O Nascimento do Pequenino Deus



O Nascimento do Pequenino Deus  

O Grupo da Melhor Idade “Flores Belas”, da ONG “Pro Dia Nascer Feliz”, encena, em sua décima edição, nesta sexta-feira, 18 de Dezembro/2015, às 20h, na praça Getúlio Vargas, centro de Santa Rita/Pb, o Auto de Natal “O nascimento do pequenino Deus”, com direção de Adriano Araújo, Nynho Morais e Luiza Flores.
A trupe Flores Belas, composta por 08 (oito) palhaços e palhaças de circo sem lona, levarão a magia dos picadeiros para narrar a história do nascimento de Jesus Cristo com muita alegria. O casal de palhaços Maria e José relembra a história construindo um bom duelo de quem sabe mais.
Segundo o diretor Adriano Araújo, utilizar elementos circenses   para contar de forma festiva a chegada do pequenino Deus é resgatar a tradição cultural dos pequenos e grandes circos. 
Dois grandes palhaços estão sendo homenageados in memorian. O santarritense Parafuso, também conhecido como Tio Paulo, e o pernambucano radicado em Joao Pessoa, Pirulito, personagem de Ismar Pompeu, serviram de inspiração para concepção artística da montagem do espetáculo. Brincadeiras como o que é “o que é?” trazem velhas e boas lembranças dos fatos que marcaram a vinda do pequeno Deus salvar à humanidade.
A festa do nascimento será celebrada pelo boi de reis do grupo de cultura popular Massapê e da dança dos arcos. As cenas tradicionais irão acontecendo em comum acordo com as lembranças dos palhaços e das palhaças. O cenário do espetáculo é um picadeiro sem lona em contraponto com o adro do Santuário Paróquia Santa Rita de Cássia, onde acontecerão as cenas tradicionais, distribuídas por vários planos, como janelas, torre, escadas e uma gruta natural, que será utilizada de modo a oferecer verdade cênica às imagens bíblicas. Os figurinos e adereços têm assinatura de Luiza Flores, que optou por utilizar tecidos que vão do cetim ao algodão da Bahia, mesclando o colorido com o rústico.

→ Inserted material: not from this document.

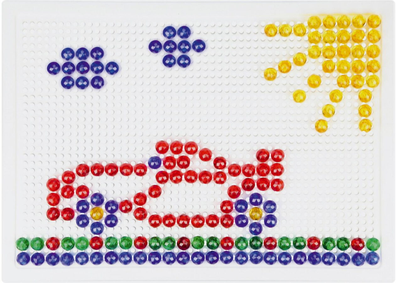 Skládej a vytvářej svůj vlastní svět plný krásných obrázků do mřížkované podložky. Poskládej si akvarium nebo si vytvoř třeba letadlo. Je to jen na tobě. Tvoř znovu a znovu díky 260 kusům plastových hlaviček o průměru 1,5 cm, které na desce umístíš přesně na místo, kam se ti bude hodit!

  A cidade de Santa Rita teve, outrora, uma forte tradição em receber circos de diversas partes do país, especialmente num terreno conhecido popularmente por Papo da Coruja, que serviu por muito tempo como local de diversão para várias gerações.
 Para Luiza flores, Adriano Araújo e Nynho Morais, fazer arte na terceira idade é romper barreiras, é quebrar paradigmas no processo de construção dos personagens, notadamente com relação à memorização dos textos, haja vista a diminuição natural do processo de memorização, assim como das capacidades cognitivas, físicas e motoras, e também é provar que tudo é possível quando se quer.
A trupe destaca a importância das parcerias com a Prefeitura Municipal de Santa Rita, através da sua Secretaria de Cultura Desporto e Turismo, a Secretaria de Estado do Desenvolvimento Humano, a gráfica SEDIC, o Centro Social Urbano Francisco Leocádio Ribeiro Coutinho, o estúdio DMIX, o gabinete da deputada Estela Bezerra e o Santuário Santa Rita de Cássia, que viabilizaram a realização do evento.